▸ **TASK DETAILS**
Your task is to retype, exactly, the line containing "Fashion Twisted Geometric" and every later line through the end of the listing, with pictures omitted.

DATA EXTRACTS START

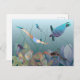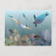 Woman swimming underwater with turtle postcard
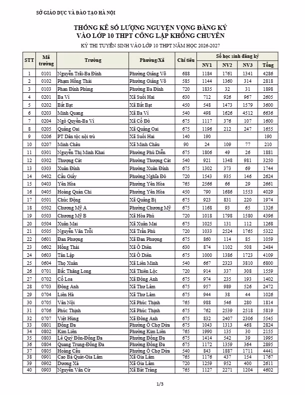 Sở GD&ĐT Hà Nội vừa công bố số lượng thí sinh đăng ký dự tuyển vào lớp 10 của các trường THPT công lập không chuyên và chuyên năm học 2026-2027.
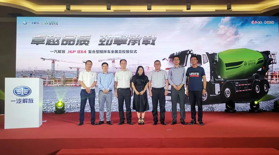 隨后,投放儀式正式開始。汽解放李玉峰、黃功平、姜文卿,中集凌宇胡柏林,四川散協(xié)李正祿,四川巨峰馬菊等六位導(dǎo)共同啟動的發(fā)布儀式的啟動臺?,F(xiàn)場響起了熱烈的掌聲,在所有人的見證下,汽解放J6P 8*4復(fù)合型攪拌車正式發(fā)布。
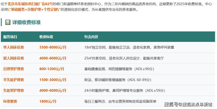 前门街道颐寿轩养老照料中心:2025年收费标准-地址电话全解析
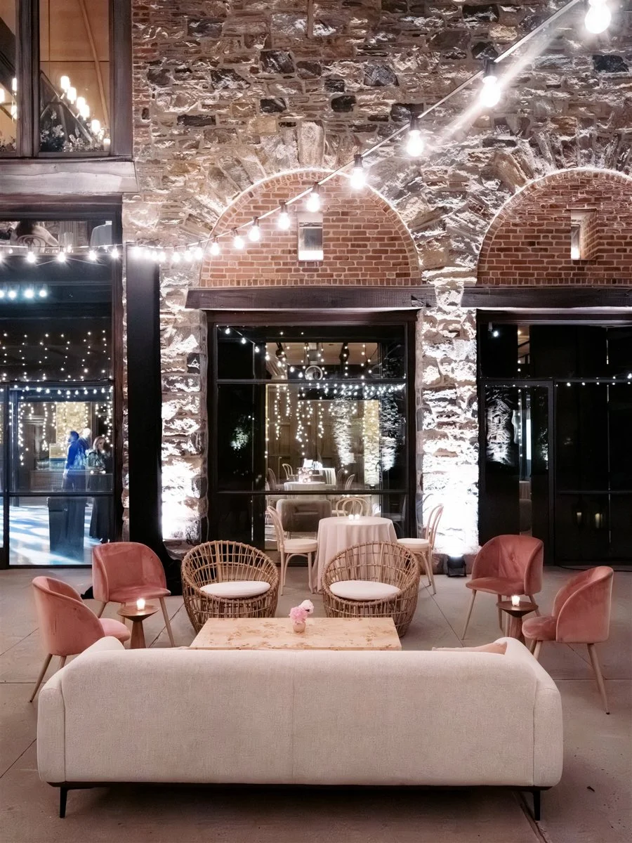 For the larger format weddings, the dancing would take place downstairs with the band or DJ setup in the lower Haybarn. We often design a lounge area in the courtyard as well for guests who may want a break from the dancing. I love using string lights in the courtyard to define the lounge area. Pegasus Productions is the exclusive lighting vendor for Blue Hill at Stone Barns.
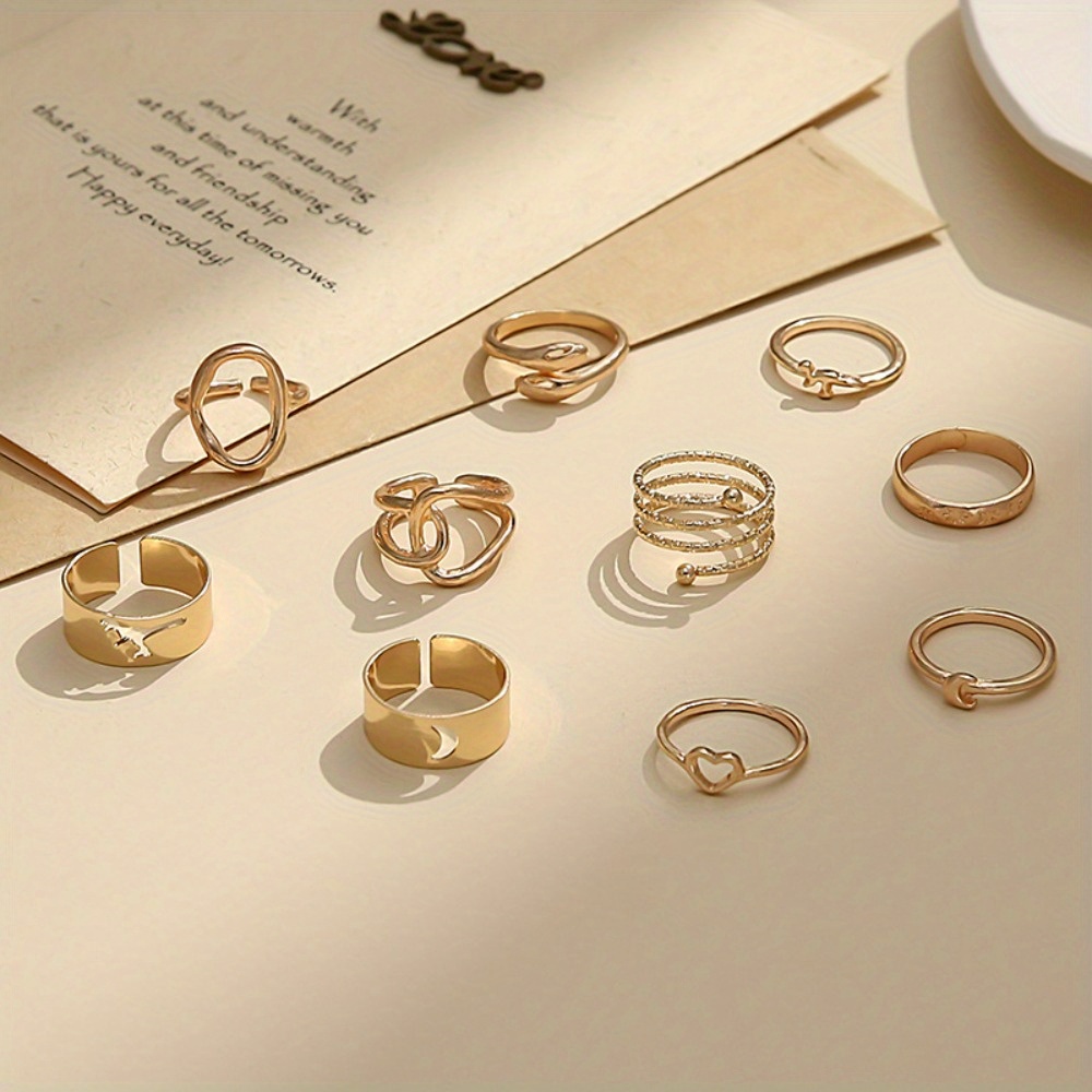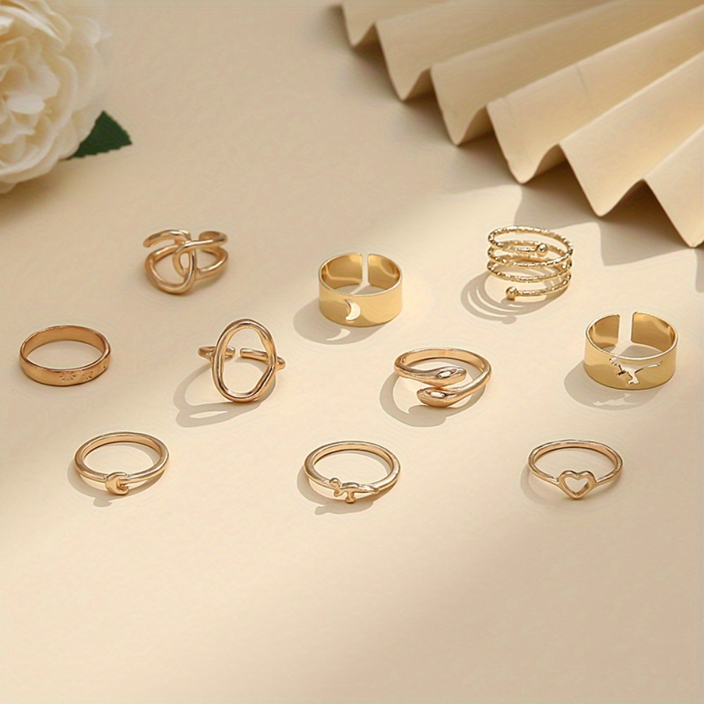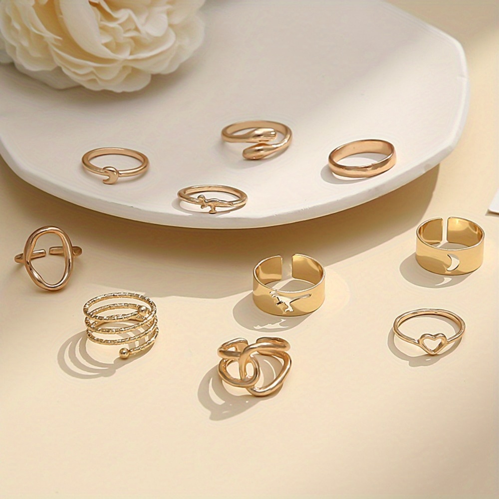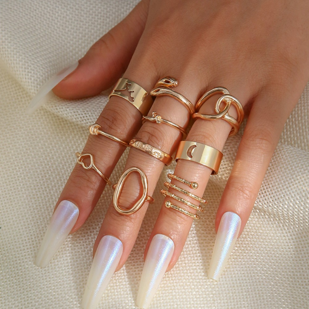Fashion Twisted Geometric Spring Animal 10-Piece Ring for Women
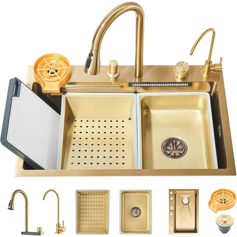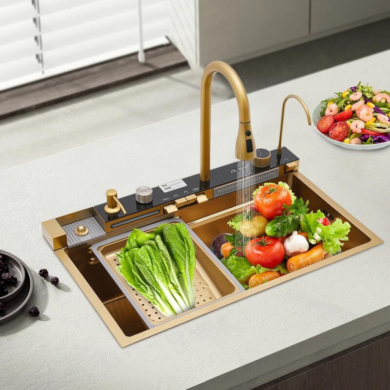 Évier de Cuisine Cascade Multifonction doré brossé acier inoxydable 75 * 45CM Evier de cuisine Affichage numérique Grand évier

DATA EXTRACTS END

▸ **WRITTEN RESPONSE**
Fashion Twisted Geometric Spring Animal 10-Piece Ring for Women
 Évier de Cuisine Cascade Multifonction doré brossé acier inoxydable 75 * 45CM Evier de cuisine Affichage numérique Grand évier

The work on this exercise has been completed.